Grocery Shopping Tips

My mother has always cooked at home and going to the grocery store with her as a child was one of my favorite errands. To me cooking is a sign of love and devotion, perhaps its our Italian roots (uh, yeah definitely our Italian roots).  I have always loved helping in the kitchen, so sometimes I take for granted the ability to grocery shop, whip up a quick dinner or my swiftness in a kitchen setting. Oh yeah not to mention, in college I took about a billion hours of nutrition and food courses that made me feel pretty comfortable with cooking - that one time I almost burned down the food lab kitchen making fudge does not display my abilities, I promise.

All in all, food to me is easy. It makes sense. It just clicks in my brain. I don't always understand how or why, but it does. So when my patients ask me how to grocery shop or cook - at first I used to look at them with a blank stare. My response, "Uhh..." until I started thinking...How do I grocery shop and how do I cook?"

My first thought tip is always...trial and error. Don't be afraid to make mistakes and when in doubt put the oven on 350 degrees. These skills take patience and I am not a patient person so I know you can do it.

Below are some of my grocery store shopping tips...

1. Plan, plan, plan - look at your week ahead and determine how many dinners and lunches you will likely fix. Make a list!

2. Plan for 2-3 easy grab and go breakfast.
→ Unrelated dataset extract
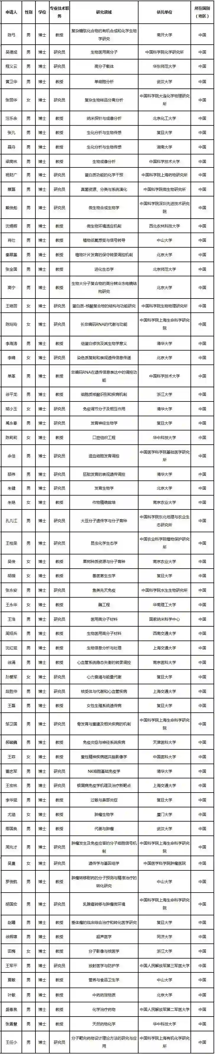 以下为医谷小编整理的2017年度国家杰出青年科学基金建议资助项目申请人之生物医学领域名单: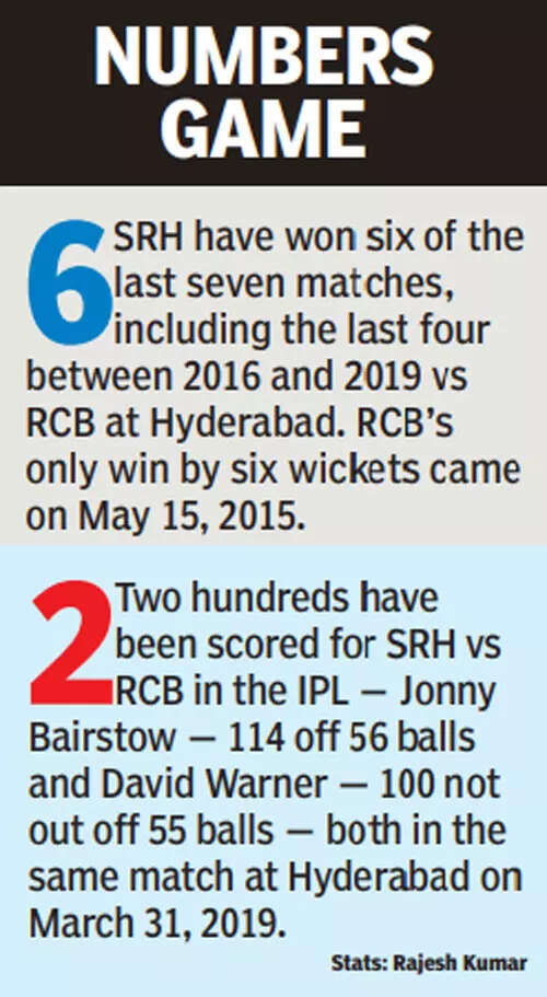 Though none of them figure at the top of the Purple Cap charts, the SRH bowling unit fared better than their batters. But RCB would want to seize the opportunity against a deflated SRH and fancy their chances of surging ahead of Mumbai in the table with a win.

I am not a morning person so I always get individual oatmeal or yogurt/granola/berries.

3. Get at least 2 options for lunches - I always get items for a turkey sandwich, bring left overs from the night before, or items for a salad.
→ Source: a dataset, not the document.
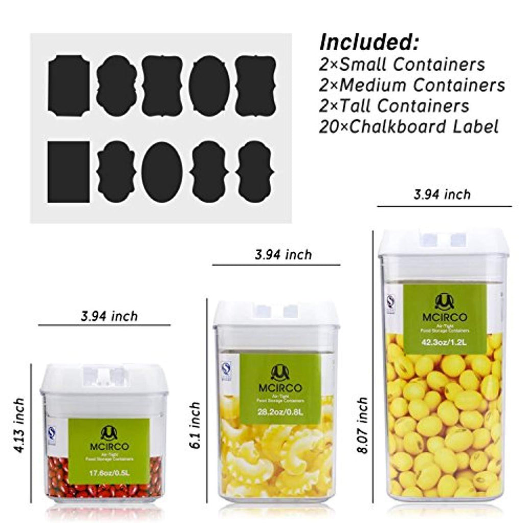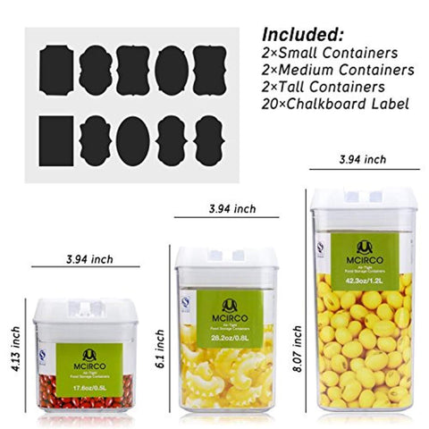 FOOD STORAGE CONTAINER SET- Package includes 2 Small Containers(17.6oz / 0.5 L), 2 Medium Containers(28oz / 0.8 L), 2 Tall Containers(42.2oz / 1.2 L), 20 pcs Chalkboard Lables.

4. Make sure you have plenty of shelf stable items - this will prevent you from not having a starch, vegetable etc. Yes I prefer fresh, but life sometimes needs self stable items.

5. Watch out for marketing....end of the isles, special displays, just avoid them unless it is an item you typically purchase.

6. Do not go down isles unless an item on your list is in that isle. I am bad about this one, I always add unnecessary items to my cart which can get expensive.

7. Stay away from pre -washed, bagged, or cut fruits and vegetables. You are paying for the labor. I always cut fruit right when I get home and sometimes even portion into containers for lunches. That way it is not such a hassle.

8. Don't be afraid of the freezer. If you don't use a protein that week just toss it in the freezer when you realize and use it for the next week.

9. Get your grocery store's app, you can connect it to your reward card which puts coupons directly on the card so when you buy those items you receive the discount. Not going to lie, I love the Kroger App - sometimes they have specials on the app that you won't receive in the store.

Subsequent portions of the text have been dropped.